INTRODUÇÃOA tríade sintomática composta por zumbido, perda auditiva e vertigem, em episódios paroxísticos, foi descrita por Prosper Ménière em 1861, junto à Academia Imperial de Medicina de Paris (Memoire sur des de l'oreille interne donnant lieu a des symptomes de congestion cerebrale apoplectiforme), a partir de um um grupo de pacientes diagnosticados como portadores de "congestão cerebral apoplectiforme"1. Pela primeira vez, sugeriu que o sistema auditivo era repentinamente afetado, com o surgimento de zumbido e diminuição da audição, e, sendo a orelha interna o local acometido, o aparecimento de vertigem, tontura e desequilíbrio, acompanhados por náusea, vômito e síncope, poderia ser explicado sem que houvesse envolvimento do sistema nervoso central.
Em 1874, Charcot2 denominou tal alteração como "Doença de Ménière". Depois das descrições histopatológicas de Hallpike e Cairns em 19383, a doença de Ménière é atualmente reconhecida como a expressão clínica de uma síndrome idiopática de hidropisia endolinfática.

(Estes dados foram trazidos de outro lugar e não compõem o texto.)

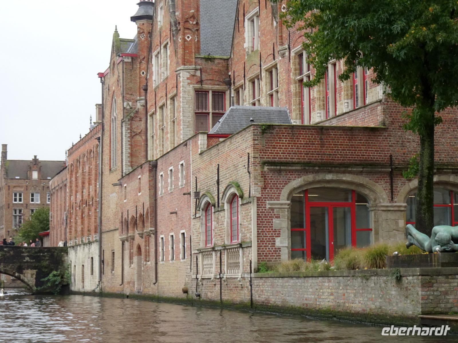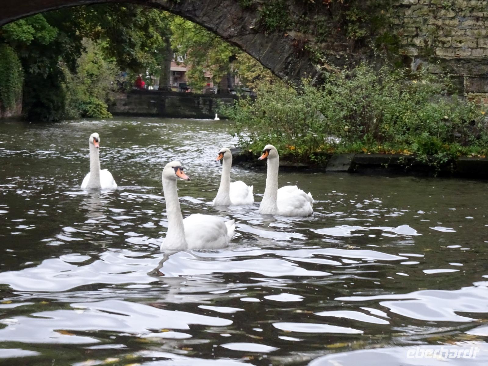 Wo wir vorher zu Fuß entlang gegangen waren, konnten wir die Stadt und die markanten Gebäude nun vom Wasser aus betrachten. Unser Boot wurde oft von den Wappentieren von Brügge, den Schwänen, begleitet. Wendepunkt war eine Gracht im ehemaligen Hanseviertel, wo auch ein Denkmal für die Gebrüder van Eyck an deren Wirken in Brügge erinnert. Danach bummelten viele noch durch die wunderbare Stadt, besuchten die Liebfrauenkirche mit dem Altar "Madonna mit Kind" von Michelangelo oder genossen Belgische Pralinen mit einem wohlschmeckenden Kaffee.
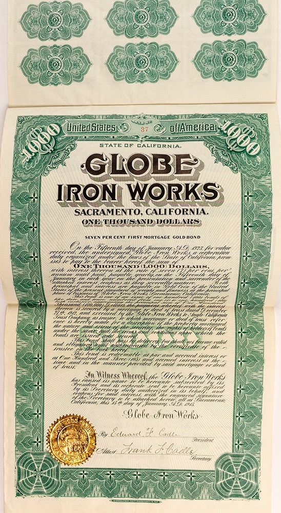 1 gold bond $1,000. First Mortgage at 7%. No. 37, with 10 coupons attached. Signed by President Edward F. Cadle. 9.5" x 14.5". HWAC# 53728 Date: 1915 Location: Sacramento, California
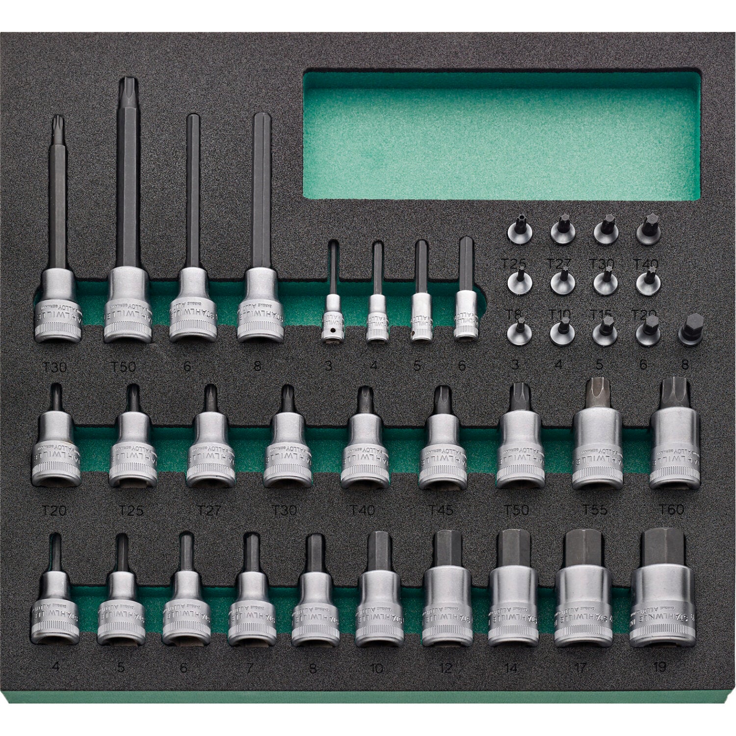 • The tool is securely stored in chemical-resistant, durable foam inlays with precise tool recesses and a signal coloured base layer.
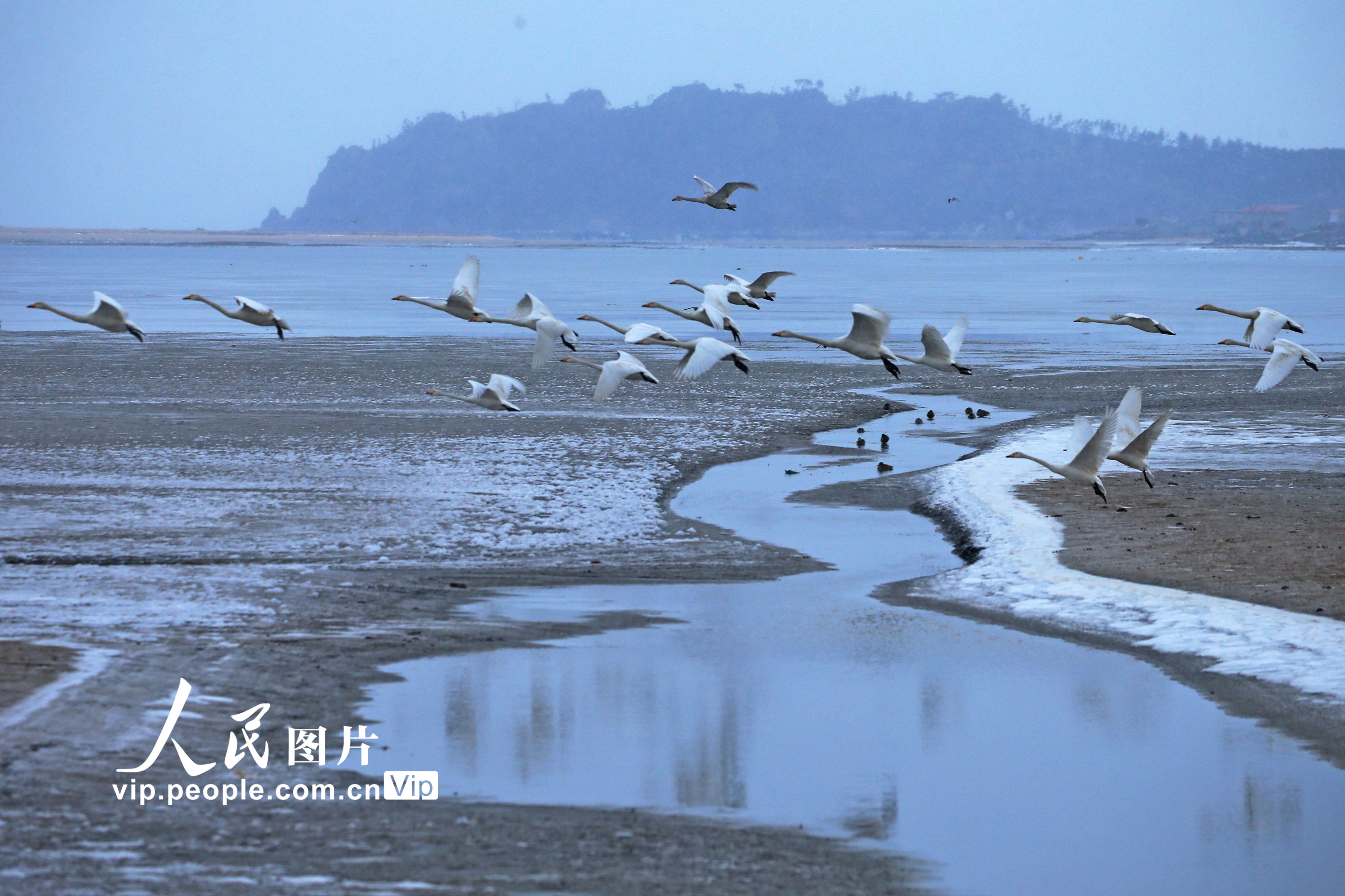 连日来,山东荣成天鹅湖迎来倒春寒天气,湖区不时飘落雪花,湖畔有结冰现象,在此栖息的大天鹅在春寒中飞舞,等待即将到来的迁徙季。王福东摄(人民图片网)
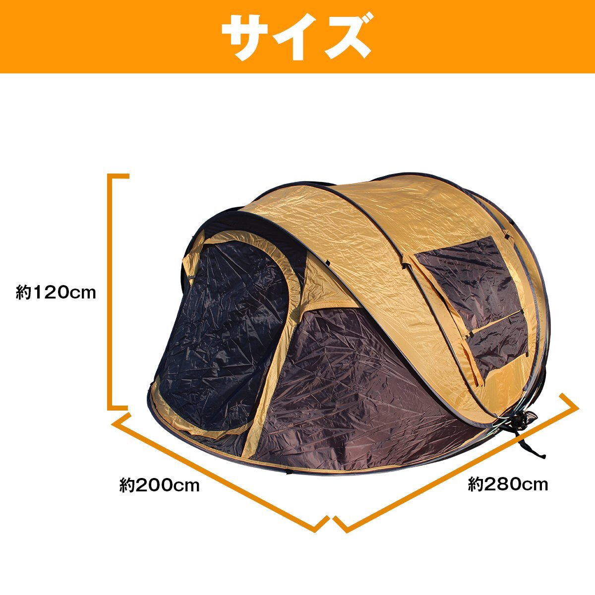 3人から4人用! 簡単組み立て! ワンタッチ式 ドーム型 テント キャンプ アウトドア ワンタッチテント ドームテント ベージュ 簡易テント

A constatação definitiva da alteração fisiopatológica que caracteriza a doença só pode ser comprovada por estudo anatomopatológico de ossos temporais (post morten) e, portanto, o seu diagnóstico deve ser baseado em critérios clínicos bem definidos. Segundo o Comitê de Audição e Equilíbrio da Academia Americana de Otorrinolaringologia4, em 1995, a presença de hidropisia endolinfática pode ser inferida a partir da ocorrência de episódios espontâneos e recorrentes de vertigem, com duração mínima de 20 minutos, acompanhados por náusea, ânsia e/ou vômito, sem perda da consciência, com nistagmo horizonto-rotatório sempre presente, associados à perda de audição, plenitude aural e zumbido, no lado afetado.

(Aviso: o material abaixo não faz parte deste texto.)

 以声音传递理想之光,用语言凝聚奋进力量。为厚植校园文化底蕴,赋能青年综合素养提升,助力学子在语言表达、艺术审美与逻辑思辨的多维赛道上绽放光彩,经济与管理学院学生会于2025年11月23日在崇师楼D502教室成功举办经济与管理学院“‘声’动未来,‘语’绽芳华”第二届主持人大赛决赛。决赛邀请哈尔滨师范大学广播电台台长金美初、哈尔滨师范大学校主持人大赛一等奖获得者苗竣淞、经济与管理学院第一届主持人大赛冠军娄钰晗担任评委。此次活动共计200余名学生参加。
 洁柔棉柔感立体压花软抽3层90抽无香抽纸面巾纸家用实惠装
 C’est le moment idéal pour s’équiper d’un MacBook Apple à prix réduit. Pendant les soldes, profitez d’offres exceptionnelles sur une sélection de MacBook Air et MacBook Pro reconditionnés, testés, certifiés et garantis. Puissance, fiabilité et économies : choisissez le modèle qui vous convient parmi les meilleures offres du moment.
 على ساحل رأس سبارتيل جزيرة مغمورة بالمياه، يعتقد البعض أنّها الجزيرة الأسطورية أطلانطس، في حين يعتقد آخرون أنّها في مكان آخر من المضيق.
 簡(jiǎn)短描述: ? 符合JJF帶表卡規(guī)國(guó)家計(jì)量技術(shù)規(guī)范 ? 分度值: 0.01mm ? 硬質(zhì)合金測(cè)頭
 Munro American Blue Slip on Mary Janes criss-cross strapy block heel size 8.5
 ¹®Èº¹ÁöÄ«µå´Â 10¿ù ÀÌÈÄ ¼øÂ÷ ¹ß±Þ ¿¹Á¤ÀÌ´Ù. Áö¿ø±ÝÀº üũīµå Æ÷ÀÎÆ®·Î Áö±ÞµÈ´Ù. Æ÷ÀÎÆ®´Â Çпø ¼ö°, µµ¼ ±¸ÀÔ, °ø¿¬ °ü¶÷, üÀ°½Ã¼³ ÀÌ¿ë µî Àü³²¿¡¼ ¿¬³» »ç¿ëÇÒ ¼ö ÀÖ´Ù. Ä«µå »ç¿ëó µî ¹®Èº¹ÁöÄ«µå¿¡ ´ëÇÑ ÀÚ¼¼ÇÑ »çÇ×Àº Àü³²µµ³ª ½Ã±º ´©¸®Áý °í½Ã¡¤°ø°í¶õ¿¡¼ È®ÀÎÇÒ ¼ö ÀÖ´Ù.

A vertigem postural paroxística benigna (VPPB) caracteriza-se por episódios paroxísticos de vertigens súbitas e fugazes que surgem quando a cabeça do paciente é colocada em uma determinada posição. É uma condição que pode aparecer isoladamente ou associar-se a outras doenças labirínticas, normalmente desencadeando e/ou exarcebando uma crise vertiginosa5. O diagnóstico da VPPB baseia-se na história clínica e no exame físico, uma vez que a vertigem e o nistagmo podem ser reproduzidos no consultório ao movimentar-se a cabeça do paciente para a posição de Hallpike. O nistagmo aparece sempre após um período de latência de aproximadamente 5 segundos, sendo normalmente rotatório ou horizonto-rotatório, fatigável e revertendo de direção quando o paciente reassume a posição ortostática, quando do acometimento dos canais semicirculares posteriores; sendo horizontal quando do acometimento dos canais semicirculares laterais; e sendo vertical e inferior quando do acometimento dos canais semicirculares superiores.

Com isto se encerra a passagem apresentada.